Human chorionic gonadotropin (hCG) hormone is secreted by the placenta after insemination. hCG can be defected in human urine (and also in blood or serum) at least 5-15 days after the pregnancy has started. The hCG level in the urine/serum after the first missed period is generally around 100mlU/ml and in the first three months the hCG levels rise and reach 100,000-200,000 mlU/ml.
Easy detection of hCG in urine and serum right after insemination and rapidly rising levels in the early stages of pregnancy make this hormone a reliable and good detection material for early diagnosis of pregnancy. The aim of this test is to detect early beta hCG development that is above 20mlU/ml.

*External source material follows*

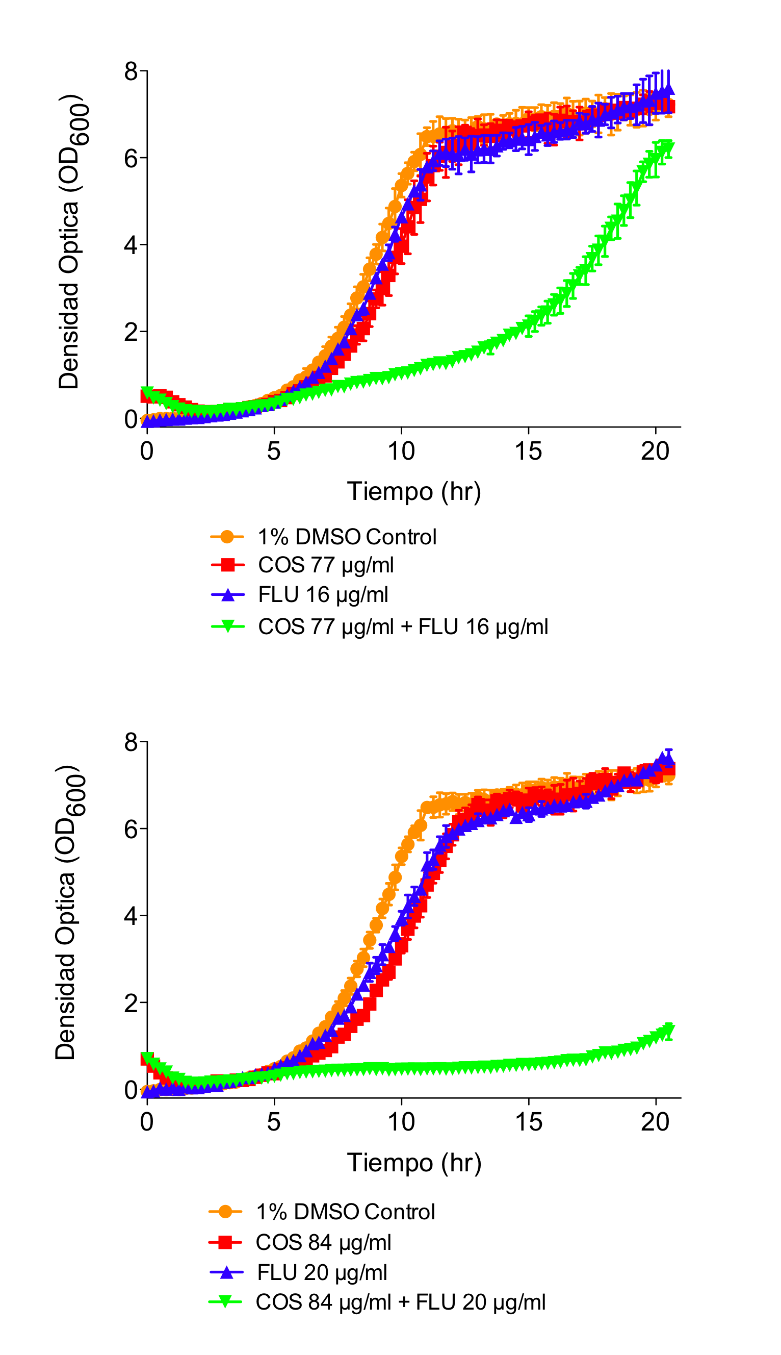 Several experiments carried out have shown the significant synergistic effect of the combination object of the present invention (chitosan or COS, and an inhibitor of ARL1 gene or a currently used antifungal such as fluconazole) in inhibiting growth of filamentous fungi and yeast.

In normal pregnancy, hCG can be detected 7-10 days after conception. Usually, the test can be used as early as the first day of a missed period. If the menstrual cycle length is irregular, the test time can be based on the longest cycle length that occurred in the past few months. If a negative result is obtained and pregnancy is still suspected, the test can be repeated in 2-4 days. In normal pregnancies hCG will reach 20 iu/L in 4-5 days (visible as a weak positive). However the detection of hCG at this level does not necessarily indicate a viable pregnancy as implantations can spontaneously abort.
An ectopic pregnancy will show a much slower rise or even plateau with hCG values lower than for a comparable stage of normal pregnancy. A fall in concentration will suggest a failing pregnancy or miscarriage. The time post miscarriage before the levels become undetectable will depend on the peak level of hCG reached.
Raised levels of hCG are also present in other conditions e.g. hydatidiform moles/choriocarcinoma.